**Given information:**
------------------------------------------------------------------------

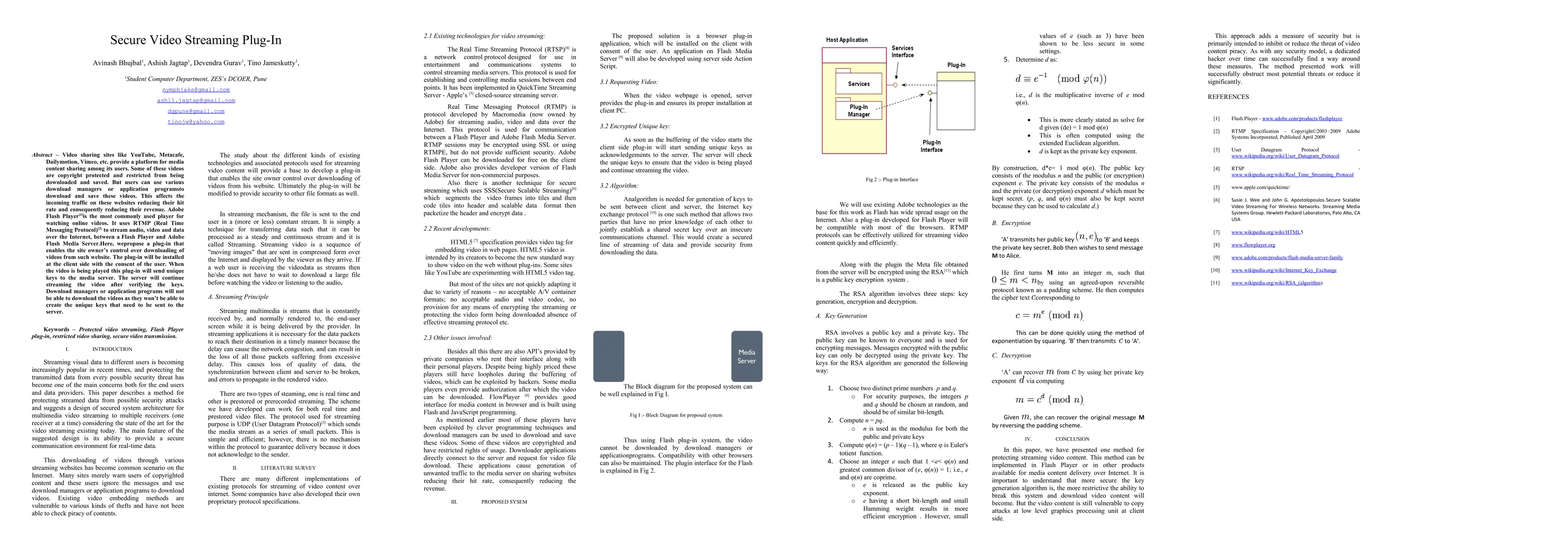 This work is novel because it proposes a plug-in-based solution for protecting streaming video content and uses the RSA algorithm for encryption.
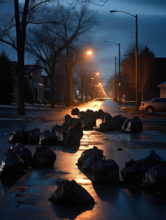 Twilight casts a golden hue over stacked refuse bags leaning against a city wall, with distant buildings and parked vehicles softly fading into the evening glow.
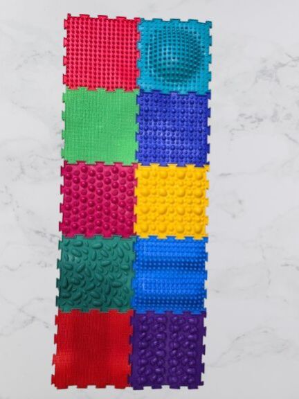 12 interlocking tiles, each with unique textures and colors for sensory stimulation

------------------------------------------------------------------------

**Exercise directions:**
Nothing but the lines from the one containing "Twilight casts a" through the last line of the material may appear in the answer, transcribed exactly and with no pictures.

**The completed task:**
 Twilight casts a golden hue over stacked refuse bags leaning against a city wall, with distant buildings and parked vehicles softly fading into the evening glow.
 12 interlocking tiles, each with unique textures and colors for sensory stimulation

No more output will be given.